*Records supplied*
+--

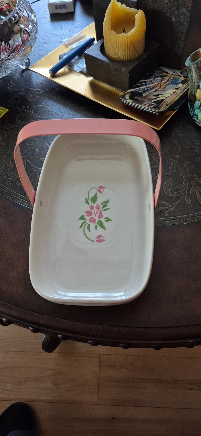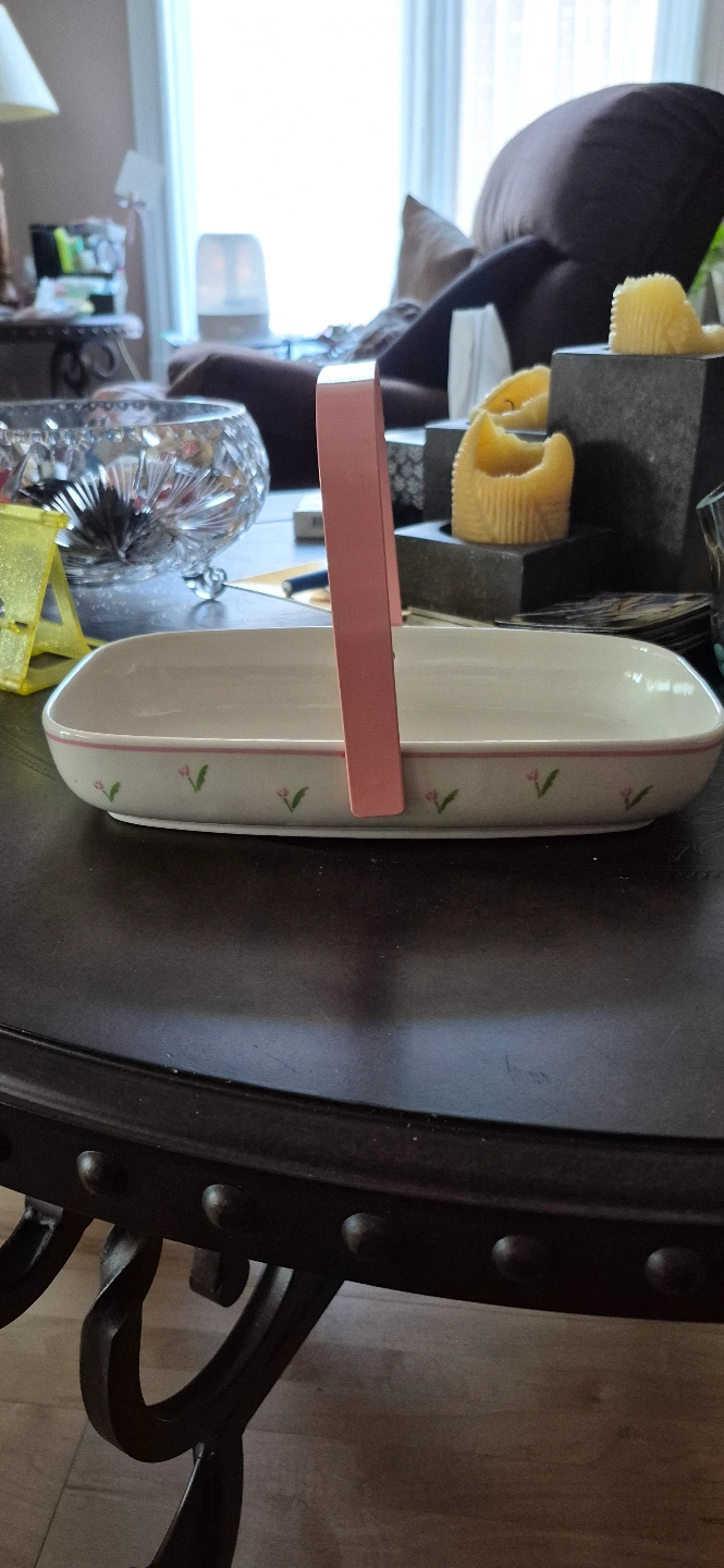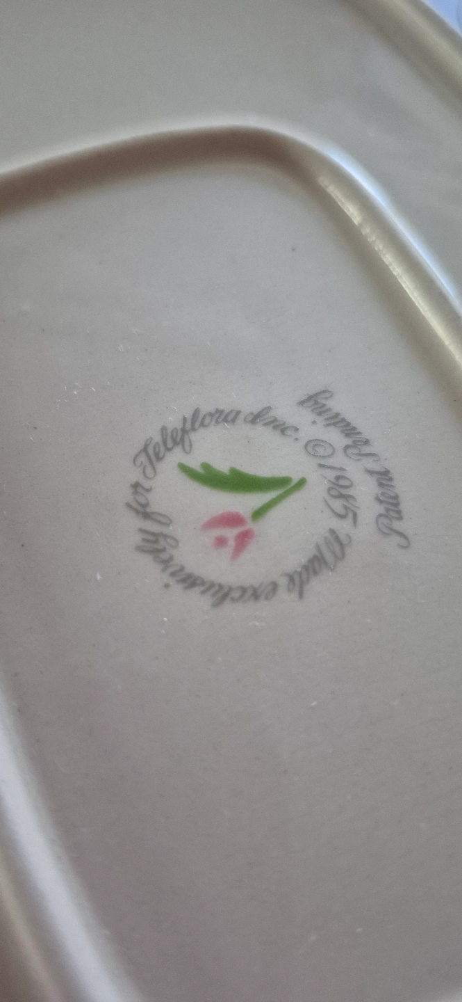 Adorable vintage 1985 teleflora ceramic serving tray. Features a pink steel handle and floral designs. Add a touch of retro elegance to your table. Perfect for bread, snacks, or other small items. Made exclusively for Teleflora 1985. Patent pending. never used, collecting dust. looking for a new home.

+--

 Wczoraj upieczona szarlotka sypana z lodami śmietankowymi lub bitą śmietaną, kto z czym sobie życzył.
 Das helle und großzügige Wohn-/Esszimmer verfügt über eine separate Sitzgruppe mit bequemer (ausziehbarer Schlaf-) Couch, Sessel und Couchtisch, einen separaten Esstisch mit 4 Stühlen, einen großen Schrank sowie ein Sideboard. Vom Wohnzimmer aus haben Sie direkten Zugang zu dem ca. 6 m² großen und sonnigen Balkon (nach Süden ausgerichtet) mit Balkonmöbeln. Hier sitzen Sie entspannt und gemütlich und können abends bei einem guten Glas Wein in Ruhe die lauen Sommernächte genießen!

+--

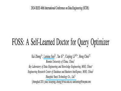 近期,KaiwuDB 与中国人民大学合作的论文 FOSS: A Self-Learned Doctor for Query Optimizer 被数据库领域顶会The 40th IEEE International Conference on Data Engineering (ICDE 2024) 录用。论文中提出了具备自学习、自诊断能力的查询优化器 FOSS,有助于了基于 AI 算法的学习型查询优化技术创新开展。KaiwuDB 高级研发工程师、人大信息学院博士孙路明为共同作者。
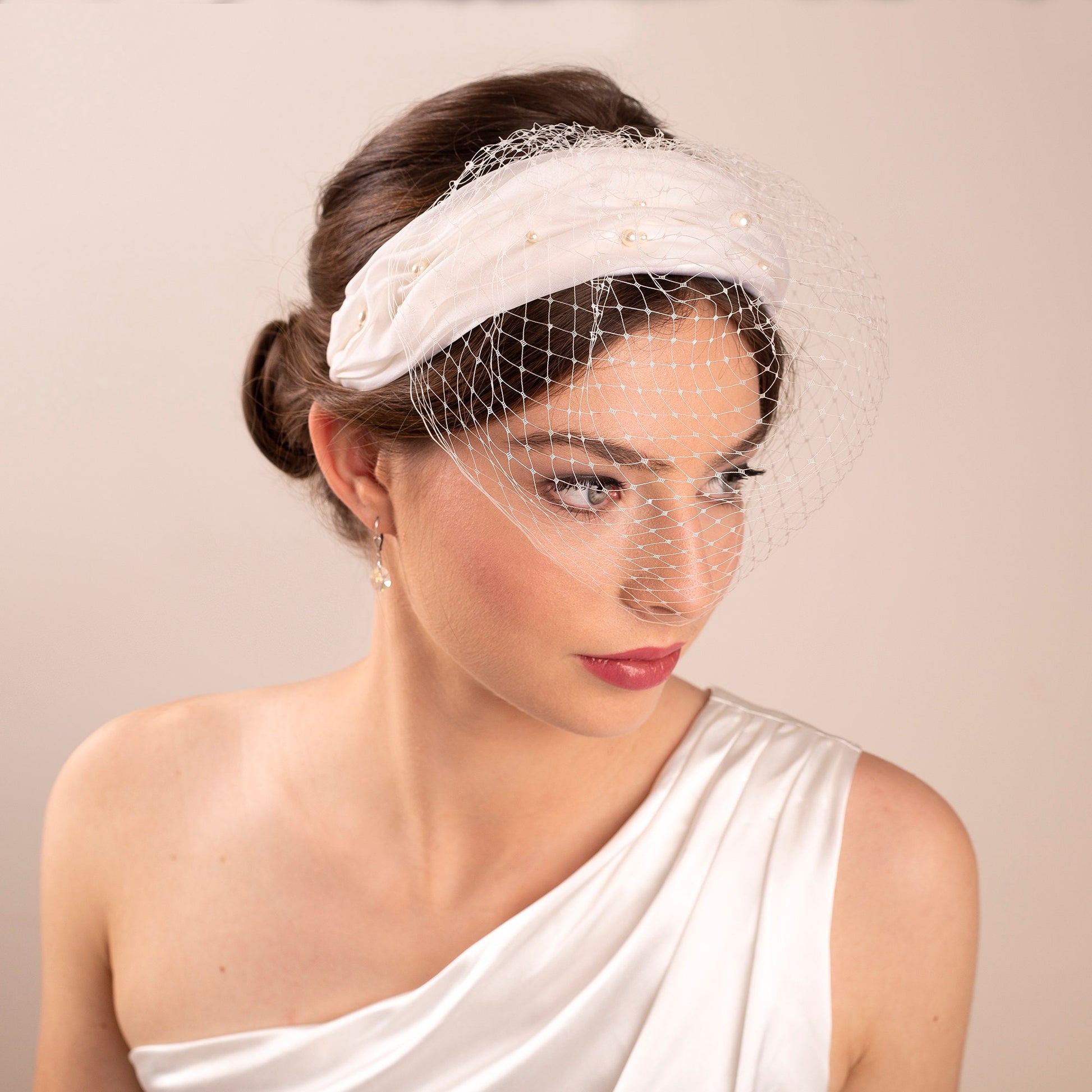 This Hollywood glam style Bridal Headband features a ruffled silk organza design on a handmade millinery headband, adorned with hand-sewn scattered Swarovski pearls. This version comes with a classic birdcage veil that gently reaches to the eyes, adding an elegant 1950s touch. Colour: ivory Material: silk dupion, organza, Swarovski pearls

+--

*Exercise requirements*
Using the material above, transcribe exactly the lines from the one holding "近期,KaiwuDB 与中国人民大学合作的论文 FOSS: A" to the one holding "This Hollywood glam", both ends kept. Do not carry over any pictures.

*Answer section*
 近期,KaiwuDB 与中国人民大学合作的论文 FOSS: A Self-Learned Doctor for Query Optimizer 被数据库领域顶会The 40th IEEE International Conference on Data Engineering (ICDE 2024) 录用。论文中提出了具备自学习、自诊断能力的查询优化器 FOSS,有助于了基于 AI 算法的学习型查询优化技术创新开展。KaiwuDB 高级研发工程师、人大信息学院博士孙路明为共同作者。
 This Hollywood glam style Bridal Headband features a ruffled silk organza design on a handmade millinery headband, adorned with hand-sewn scattered Swarovski pearls. This version comes with a classic birdcage veil that gently reaches to the eyes, adding an elegant 1950s touch. Colour: ivory Material: silk dupion, organza, Swarovski pearls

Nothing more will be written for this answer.